**TASK REQUIREMENTS**.
Everything in the records below from the line containing "With the frame" through the line containing "Бавовняний лонгслів Paul" is to be reproduced exactly, those two lines included; no picture is to be copied.

**RECORDS**.
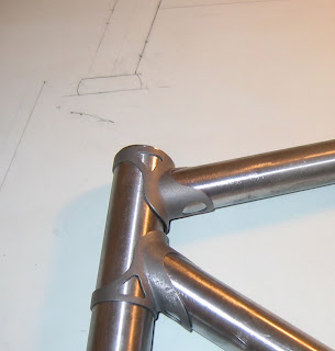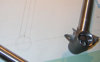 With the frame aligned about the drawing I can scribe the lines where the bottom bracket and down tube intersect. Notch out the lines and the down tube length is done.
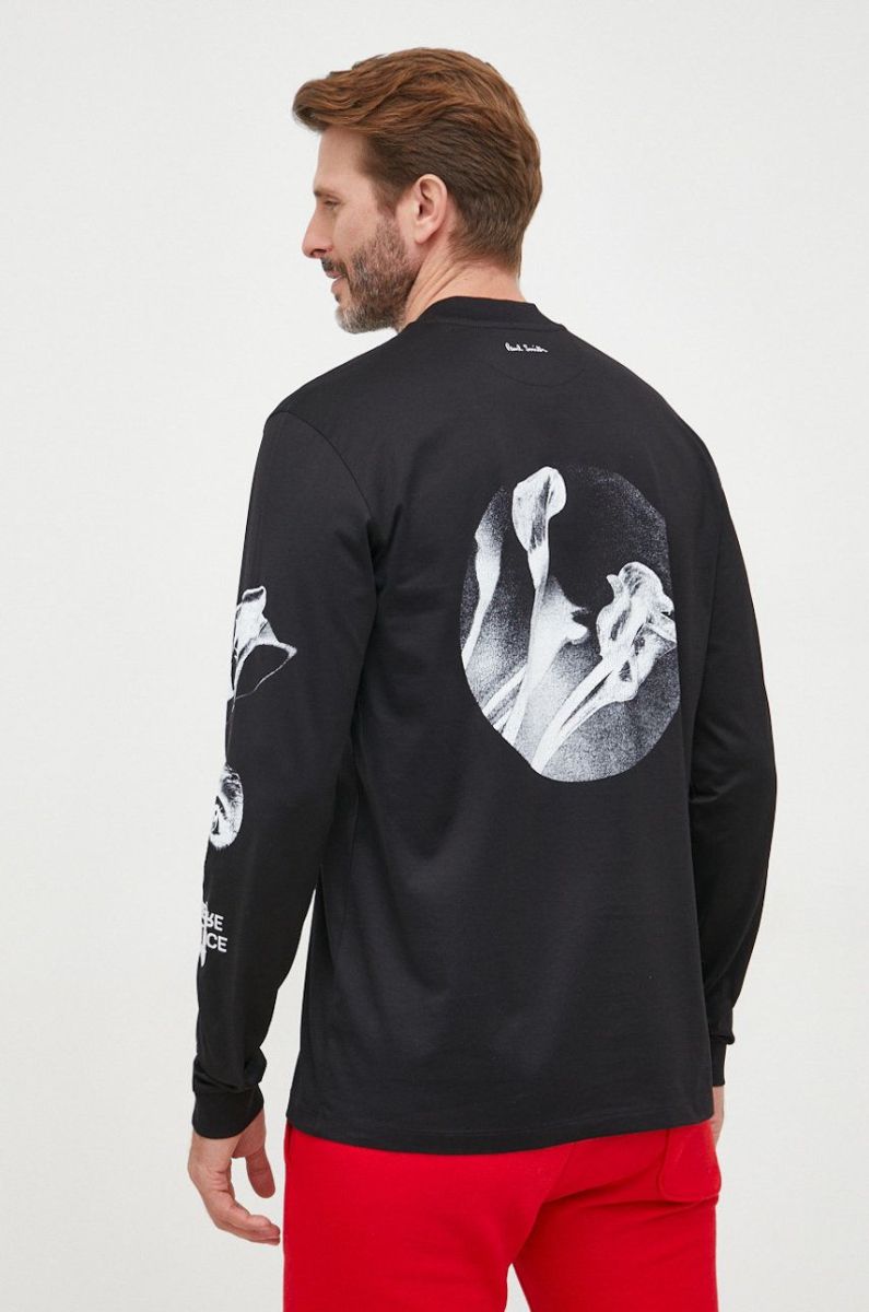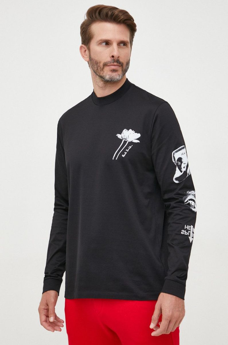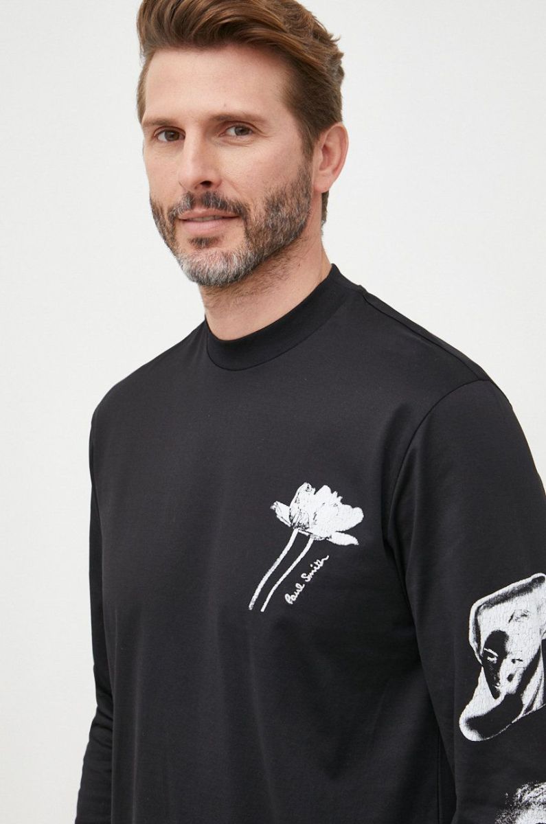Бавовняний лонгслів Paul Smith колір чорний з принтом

--

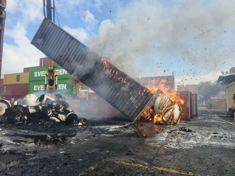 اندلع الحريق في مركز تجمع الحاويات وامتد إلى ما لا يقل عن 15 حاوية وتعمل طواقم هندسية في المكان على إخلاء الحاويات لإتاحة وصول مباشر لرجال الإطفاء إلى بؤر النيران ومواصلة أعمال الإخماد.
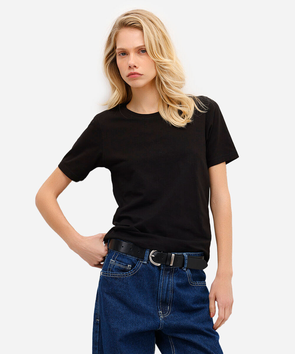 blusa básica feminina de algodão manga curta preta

--

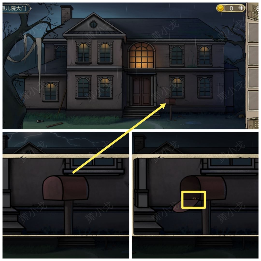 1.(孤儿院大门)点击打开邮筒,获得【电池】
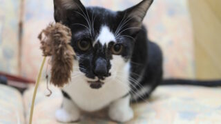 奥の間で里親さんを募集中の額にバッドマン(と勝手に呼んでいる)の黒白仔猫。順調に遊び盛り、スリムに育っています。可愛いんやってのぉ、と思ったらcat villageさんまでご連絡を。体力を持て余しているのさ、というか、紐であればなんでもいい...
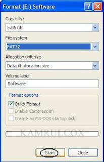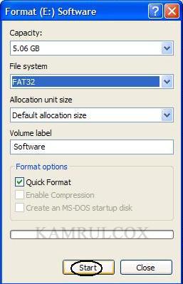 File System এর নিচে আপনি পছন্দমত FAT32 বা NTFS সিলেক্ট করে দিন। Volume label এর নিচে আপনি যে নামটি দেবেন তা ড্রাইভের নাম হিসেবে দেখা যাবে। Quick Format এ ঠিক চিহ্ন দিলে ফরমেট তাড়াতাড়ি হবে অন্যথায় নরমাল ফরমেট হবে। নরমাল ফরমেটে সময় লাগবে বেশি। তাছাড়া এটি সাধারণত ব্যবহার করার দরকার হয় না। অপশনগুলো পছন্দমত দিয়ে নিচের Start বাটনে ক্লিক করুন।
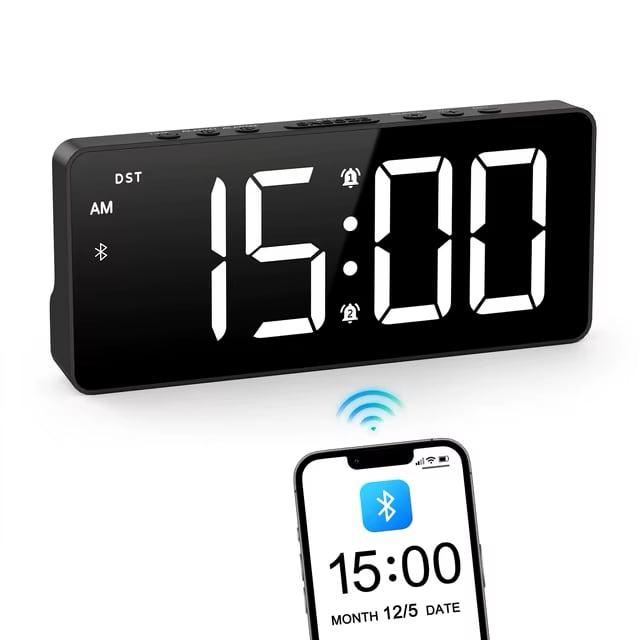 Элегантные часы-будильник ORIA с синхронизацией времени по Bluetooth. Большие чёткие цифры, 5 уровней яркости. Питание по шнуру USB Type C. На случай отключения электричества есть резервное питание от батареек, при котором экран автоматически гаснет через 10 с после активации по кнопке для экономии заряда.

**WORKED SOLUTION**.
 With the frame aligned about the drawing I can scribe the lines where the bottom bracket and down tube intersect. Notch out the lines and the down tube length is done.
Бавовняний лонгслів Paul Smith колір чорний з принтом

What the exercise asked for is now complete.